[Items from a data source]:
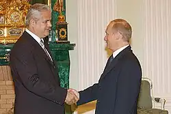Năstase was confirmed by the Parliament as prime minister on 28 December 2000, following his appointment to the position in days before by President Ion Iliescu. He held the position concurrently with his leadership of the PSD. His four years as prime minister were characterized by unprecedented political stability in post-communist Romania, continuous economic growth, and a foreign policy strongly oriented toward the West, although during 2001, the press and some of the political opposition questioned this in light of his close association with former Securitate agent Ristea Priboi.[9] Romania joined NATO, and committed Romanian troops in support of international efforts in the Balkans, Afghanistan, and Iraq.
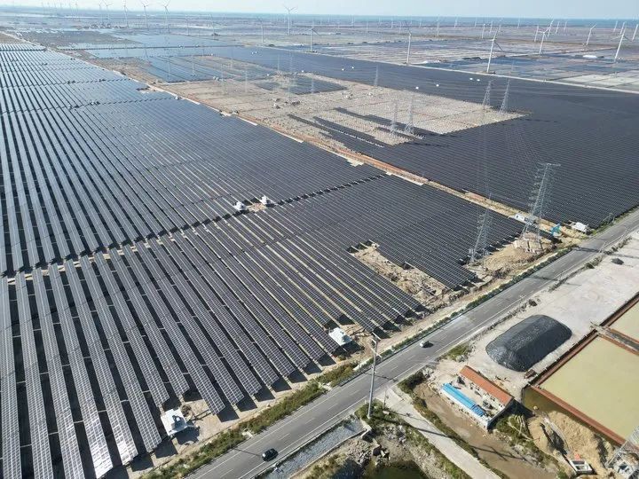 中廣核山東萊州600MW鹽光互補光伏發電項目位于萊州市土山鎮,項目于2024年6月15日正式開工建設,2024年7月15日首批組件安裝完成。截至目前,該項目送出線路、配套儲能、升壓站各項設備已完成施工,支架/組件、集電線路及場區道路建設正在進行最后沖刺階段。
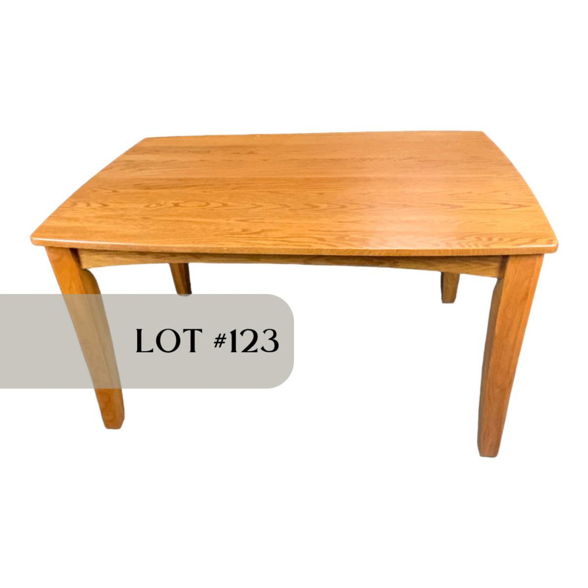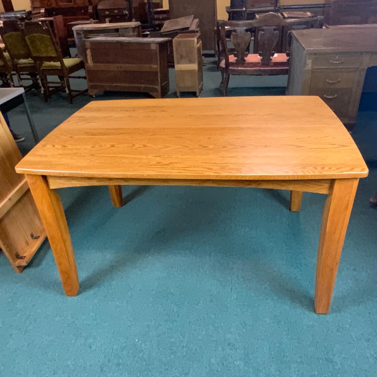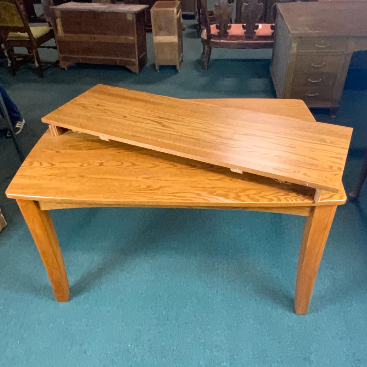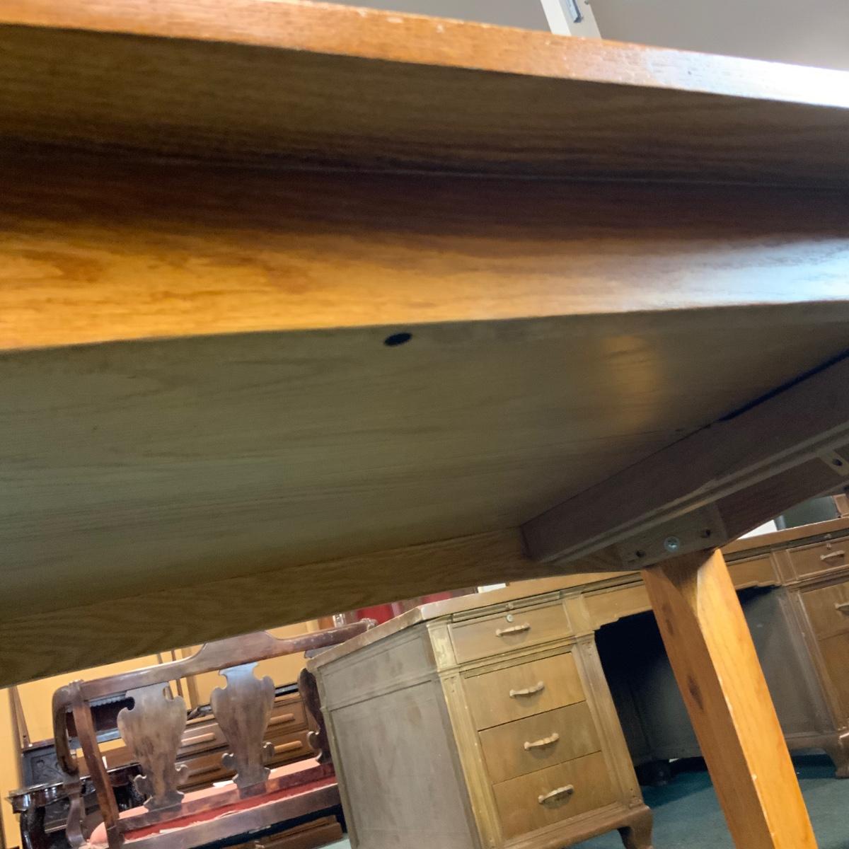 Oak Table with Leaf. Clean lines, nice design. Ready to use today! //::\\ Please see photos for details and condition. No attempt has been made to hide any imperfections. All items listed in this auction are warehouse items, and need to be cleaned. A majority of the items need restoration as well. All items are sold AS IS and WITHOUT GUARANTEE. If you are uncertain about an item, DO NOT BID. Due to the nature of this online auction in-person inspection is HIGHLY recommended. All Sales are FINAL. Pick Up Times are FIRM. Please confirm with your own schedule that you can pick up in the scheduled times listed in the Terms and Conditions. Any questions please message the auctioneer. DO NOT Contact The Harp Gallery.
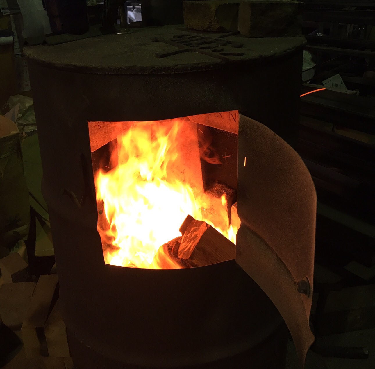 暖房は友人手作りのストーブのみですごく寒いのですが、薪が燃える音と炎の明かりが心地よかったです。
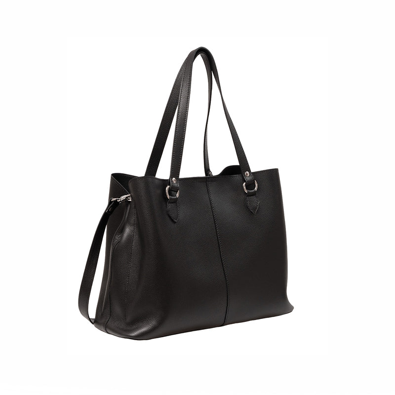 Cu o formă clasică, dar modernă, Marina se integrează cu ușurință în ținutele office sau casual, fiind suficient de încăpătoare pentru a-ți organiza obiectele personale esențiale. Datorită celor două mânere și a curelei de umăr detașabile și reglabile, poate fi purtată fie ca geantă de mână, fie ca geantă de umăr, adaptându-se nevoilor și stilului tău.
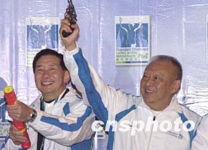 “渣打馬拉松2004”二月八日在香港舉行,香港特別行政區(qū)行政長(zhǎng)官董建華、渣打銀行大中華區(qū)總裁王冬勝在起跑儀式上為馬拉松主持鳴槍禮。 作者:錢興強(qiáng)
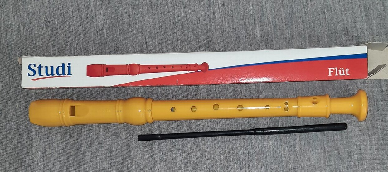 Çeşitli notalar için delikli, sarı renkli ve blokflüt, temizleme çubuğu ile birlikte.
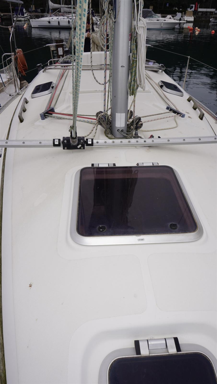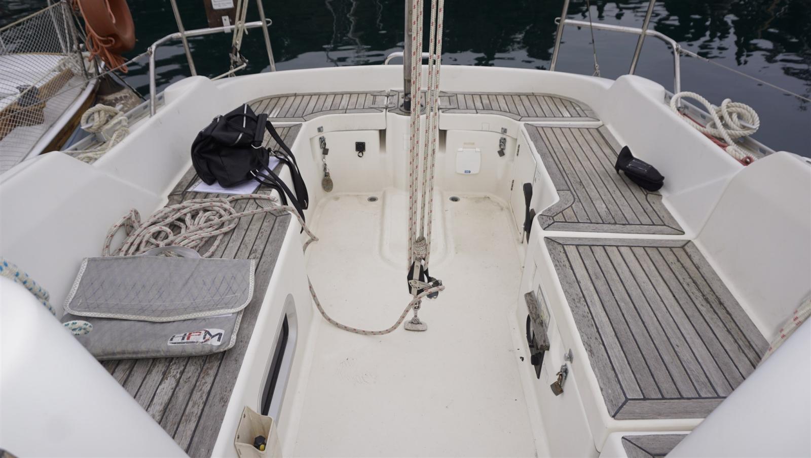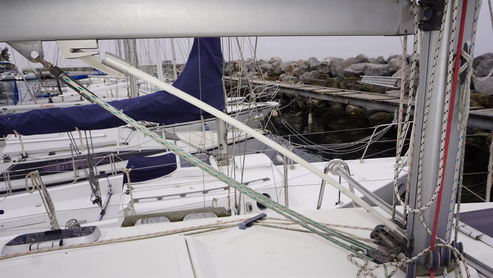 Ancre (BRUCE + 50 m 8 mm chain), Eau sous pression, Douche de cockpit, Phare de poursuite, Bossoirs, Prise de quai, Guindeau électrique, Echelle de bain, table de cockpit, Windex.
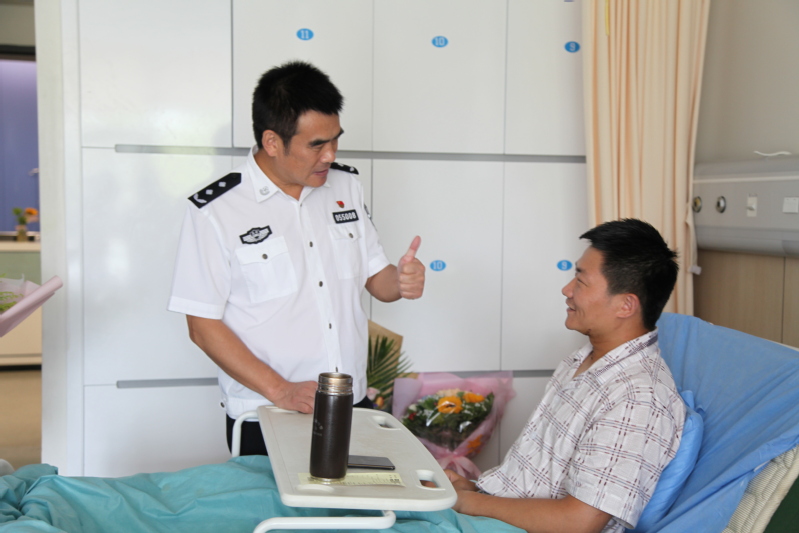 吉小林副校长来到病房,代表学校向顾全同志表示关心慰问,详细了解了顾全同志的处警经过。他表示,顾全校友的英勇事迹在学校引起强烈反响,牵动着南森每位师生的心,老师们为之感动,同学们以你为榜样,学校以你为荣。长期以来,你和广大校友用实际行动践行了“对党忠诚、服务人民、执法公正、纪律严明”的总要求,彰显了学院政治立场坚定、专业知识扎实、警务技能过硬突出的人才培养特色。最后,吉小林副校长代表学校祝福顾全同志早日康复,期待他再次回到母校。
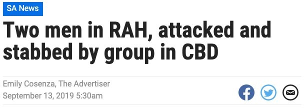 突发! 今天凌晨, 阿德莱德CBD有两名男子遇刺! 一名男子腹部被刺,另一名男子手部被刺伤。 凌晨3点30分左右,这两名男子在Grenfell和King William streets的十字路口遭到一伙人的袭击! 据悉,该团伙由 ...
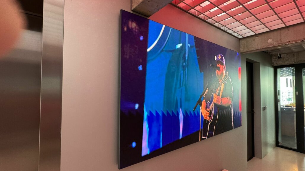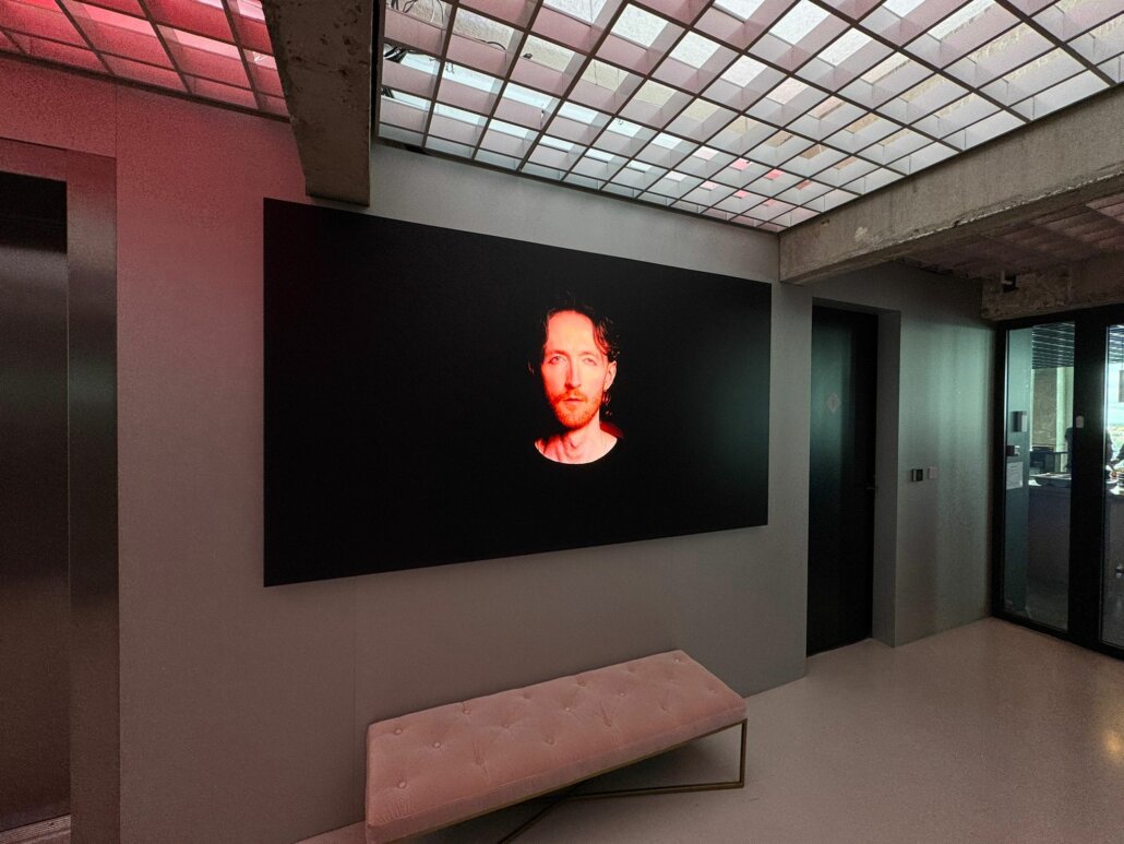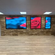 Deze COB LEd oplossing met een pixel pitch van 1,25mm van 3 meter breed en 1 meter hoog is een prachtige eyecatcher in het interieur van Loonbureau.
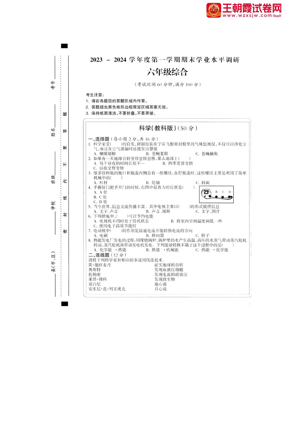 山西省晋城市2023-2024学年度第一学期期末学业水平调研六年级道德与法治、科学综合卷
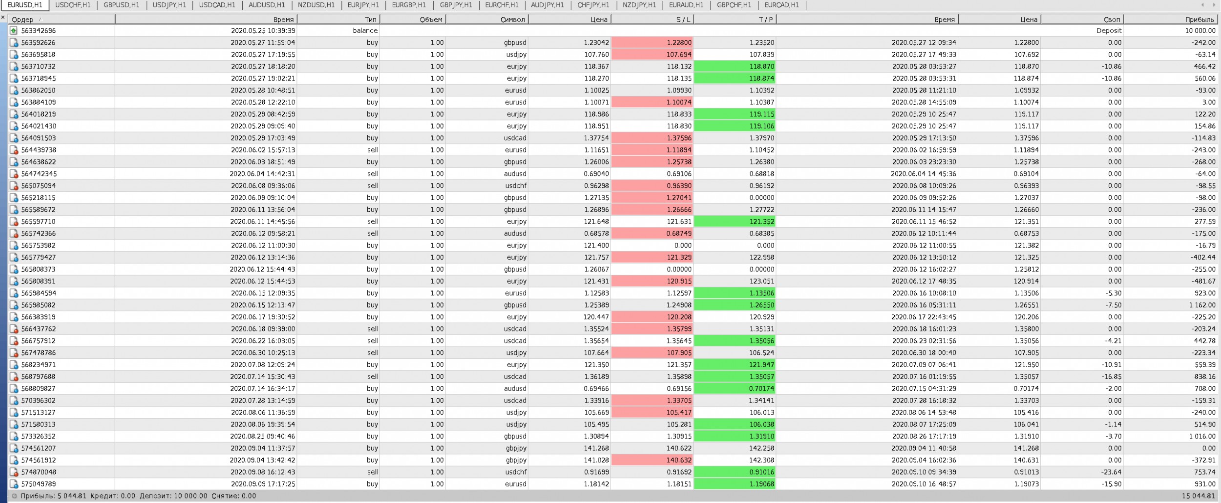Причем следует учитывать, что в отчете только основные пары и основные кроссы, сейчас их добавили больше и будем следить за большим кол-вом пар. Входы и выходы согласно граф анализа и курса по ВВ (то есть не классический — отбой от точки 5), а именно сигналы с подтверждением на интервала H1 (ниже не торговал).
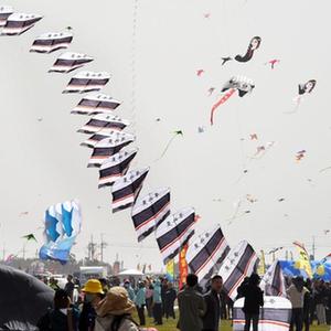 “大家一起用力拉繩!”在濰坊濱海風箏放飛場一角,上海志華風箏隊隊員們正齊心協力把一個巨型鯨魚風箏放飛。這支由十幾名退休老人組成的風箏隊已是第8次來到濰坊。他們把最好的作品帶到濰坊,包括一只鋪展面積達350多平方米的三葉蟲造型風箏。

[PROMPT]: Starting at the line containing "Çeşitli notalar için" and finishing at the line containing "Ancre (BRUCE +", return those lines exactly as they appear above, without the pictures.

[ANSWER FOR THIS EXERCISE]:
 Çeşitli notalar için delikli, sarı renkli ve blokflüt, temizleme çubuğu ile birlikte.
 Ancre (BRUCE + 50 m 8 mm chain), Eau sous pression, Douche de cockpit, Phare de poursuite, Bossoirs, Prise de quai, Guindeau électrique, Echelle de bain, table de cockpit, Windex.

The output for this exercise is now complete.